The world's biggest such project, inaugurated Wednesday at Esbjerg on Denmark's western coast, will bid to capture 90 percent of carbon dioxide produced by fossil-fueled power stations like coal plants or oil refineries.

"By developing technologies for carbon capture and storage, we can reduce emissions in the medium-term as we move to large scale use of renewable, carbon-free energy sources," said EU science commissioner Janez Potocnik.

The CASTOR project works by capturing CO2 emissions as they are produced by power stations and then storing them underground, to prevent them interacting with the atmosphere and producing the greenhouse effect.

In particular the EU, which has given 8.5 million euros for the project, hopes to make the process more attractive by cutting the cost, from about 60 euros per tonne currently to 20 euros per tonne in the future.

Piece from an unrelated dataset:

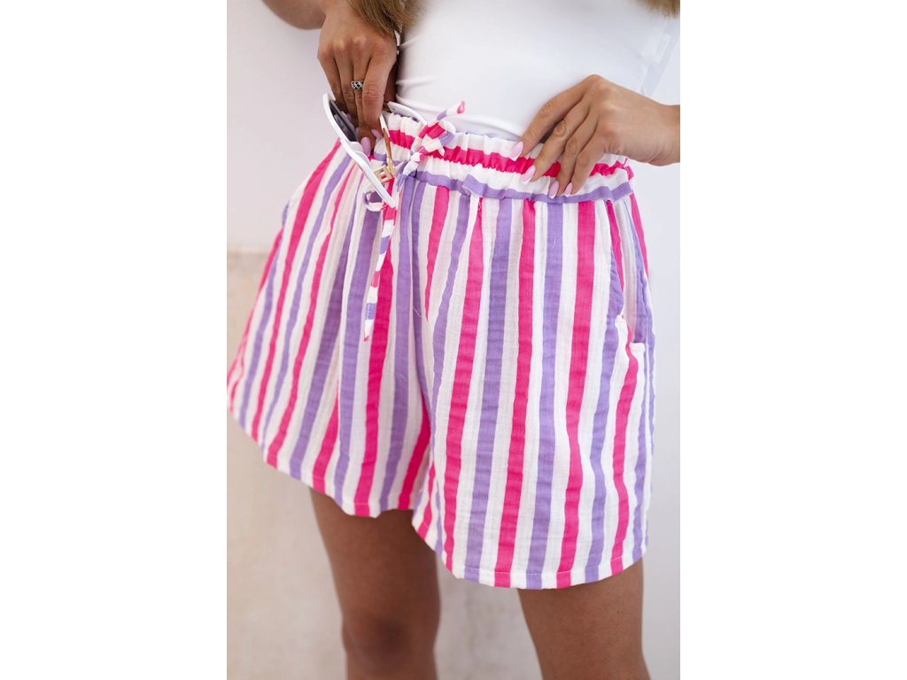 Pruhované dámske kraťasy Veron sú dokonalým kúskom na horúce letné dni. Tieto bavlnené dámske kraťasy zaujmú výrazným pruhovaným vzorom, ktorý dodá každému outfitu šmrnc. Dámske šortky majú pohodlný klasický strih s elastickým pásom a praktickou šnurovačkou, vďaka čomu sa skvele prispôsobia postave. Nechýbajú ani dve bočné vrecká pre ešte väčší komfort.

"It is hoped that this ... project will allow scientists to improve the technological processes involved in carbon capture, provide a means for better understanding of the process among the public and consolidate Europes position as a leader in this scientific field," said the EU commission.

Commission spokeswoman Antonia Mochan noted that the Danish project launch comes only two days after new US figures showing a big increase in the concentration of CO2 in the atmosphere. Research into alternative energy sources, such as wind and solar power, has surged of late partly due to soaring world oil prices, but also due to geopolitical tensions in the Middle East.

Projects like CASTOR "could be a medium term solution to the current dichotomy of our dependence on fossil fuel technology and the fact that alternative sources of energy aren't yet ready to satisfy the global demand for energy," said Mochan.

The EU executive said it also wanted to work with other countries on such new projects, as shown by a recent agreement with China on near-zero emission power plant technology.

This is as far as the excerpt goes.